The injury kept him out of the USA All-American Bowl. “Physically, I just couldn’t do it,” McCarthy said.

He had scheduled a recruiting trip to Montana when Eastern assistant Ryan Sawyer called from Cheney.

Familiar with the Spokane area from a youth spent partly in Orofino, Idaho, McCarthy made the trip – and swiftly made a commitment to the Eagles.

An only child, he felt a familial connection with the Eastern players, including linebackers Zach Johnson and J.C. Sherritt. Despite a preseason knee injury, he was the only true freshman to play on defense in 2011.

During the next offseason, he began to feel ill, but wrote it off to a recent appendectomy. Pounds were dropping, and so was McCarthy, who was passing out from dizziness. “There’s something wrong with you,” said Nate Brookreson, then the strength and conditioning coach.

McCarthy was rushed to a hospital.

By then, McCarthy’s weight had dropped from 230 pounds to 190. He briefly slipped into a coma and was diagnosed with Type 1 diabetes.

“I attacked it like I did everything else,” said McCarthy, who carried an insulin pump, regained the weight and played 12 games the next year as a backup middle linebacker.

Last season, he moved to the top of the depth chart, starting all 15 games and finishing with 115 tackles, 13th-most in school history.

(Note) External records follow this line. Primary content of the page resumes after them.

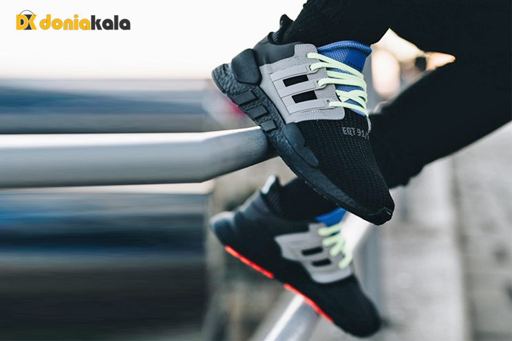 کفشهای آدیداس تجهیزات ماجراجویی آنها در سال 1991 آغاز شد. هدف اصلی آنها دویدن بود، بنابراین طراحان آلمانی بر طراحی پیشرفتهترین کفشها از نظر فناوری که در بازار نیز موجود خواهد بود، تمرکز کردند. طراحان سه بند در سری پشتیبانی از مدرن ترین راه حل ها استفاده کردند: سیستم سلول ضربه ای زیر پاشنه، مخلوطی منحصر به فرد از فوم ها با تراکم های مختلف در کفی میانی و سیستم معروف TORSION® که حداکثر پشتیبانی را برای پا در حین حرکات پیچشی خود طراحی سر نیز بدون پژواک نمی گذشت. آدیداس EQT مجهز به منسوجات مخصوص سری، تسمه های متحرک یکپارچه در زیره یا یک "بال" ترموپلاستیک است که همچنین امتداد گیره تثبیت کننده عقب است. هر دوی این نوآوریها برای تثبیت و حمایت هرچه بیشتر پا در طول دویدن طراحی شدهاند. با این حال، بزرگترین شگفتی از دیدگاه صرفا بصری، معرفی نسبتا جسورانه لوگوی جدید بود، جایی که سه لایه نمادین Clover با سه نوار (3 میله) جایگزین شد.
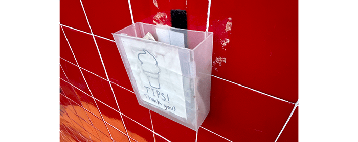 The drive-thru employees forgot to take in their tip container and there was more than two dollars in it. Oh, wait, perhaps they left it for us? No, it was tempting but we left it.
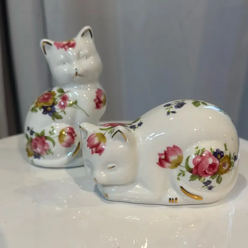 Beautiful vintage floral cat pair. Amazing florals, and gold accents. The standing cat measures 3 1/2 inches tall. The snoozing cat measures 2 inches tall. Cute decor pieces.

“I’m not the fastest or most athletic guy out there, but I have the ability to read and react, and play faster through my knowledge,” the 21-year-old McCarthy said.

“He’s a great mentor,” sophomore linebacker Miquiyah Zamora said. “He takes the young guys aside and helps them – he cares about people.”

True enough. Recalling his rescue from the ski hill, McCarthy wants to repay the debt. “People were there for me,” McCarthy said.

After earning his degree next spring in exercise science, he’ll pursue an advanced EMT degree.

“Helping people through adversity is pretty big in my life,” McCarthy said.